### THE TASK:
Find the line containing "安利(Amway)产品的日期" in the listing below. Repeat it exactly, along with each following line up to and including the one containing "An English Arts".

(AVAILABLE DATA Opens)

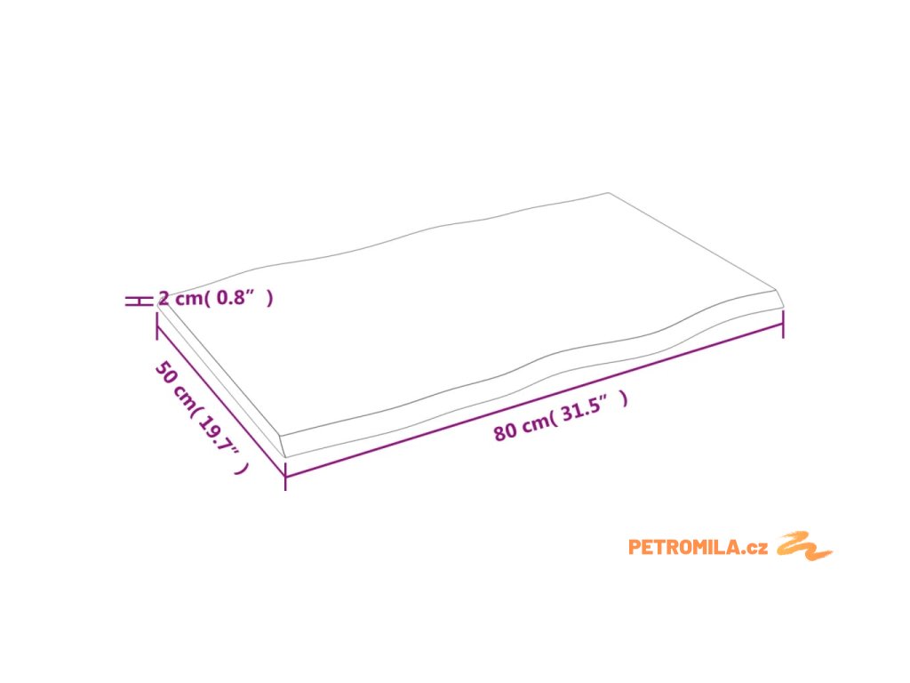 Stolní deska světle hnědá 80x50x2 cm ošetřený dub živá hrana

(AVAILABLE DATA Closes)
(AVAILABLE DATA Opens)

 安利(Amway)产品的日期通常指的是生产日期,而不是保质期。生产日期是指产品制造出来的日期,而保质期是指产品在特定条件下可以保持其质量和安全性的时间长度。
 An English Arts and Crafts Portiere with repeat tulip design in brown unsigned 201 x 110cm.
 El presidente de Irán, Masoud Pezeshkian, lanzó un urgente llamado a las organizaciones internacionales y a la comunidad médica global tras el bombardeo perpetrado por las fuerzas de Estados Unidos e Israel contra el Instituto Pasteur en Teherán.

(AVAILABLE DATA Closes)
(AVAILABLE DATA Opens)

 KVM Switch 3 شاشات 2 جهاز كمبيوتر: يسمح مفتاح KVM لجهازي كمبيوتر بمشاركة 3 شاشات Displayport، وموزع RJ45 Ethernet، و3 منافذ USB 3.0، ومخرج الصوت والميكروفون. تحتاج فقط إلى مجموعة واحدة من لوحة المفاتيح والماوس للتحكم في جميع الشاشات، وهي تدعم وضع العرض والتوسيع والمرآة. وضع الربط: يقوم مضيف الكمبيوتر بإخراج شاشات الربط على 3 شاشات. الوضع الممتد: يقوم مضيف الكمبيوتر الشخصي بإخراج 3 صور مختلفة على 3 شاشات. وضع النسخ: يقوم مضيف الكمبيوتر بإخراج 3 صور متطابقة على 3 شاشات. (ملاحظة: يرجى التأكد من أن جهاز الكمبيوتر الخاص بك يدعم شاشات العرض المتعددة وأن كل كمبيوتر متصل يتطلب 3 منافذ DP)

(AVAILABLE DATA Closes)

### REPLY TO THE TASK:
 安利(Amway)产品的日期通常指的是生产日期,而不是保质期。生产日期是指产品制造出来的日期,而保质期是指产品在特定条件下可以保持其质量和安全性的时间长度。
 An English Arts and Crafts Portiere with repeat tulip design in brown unsigned 201 x 110cm.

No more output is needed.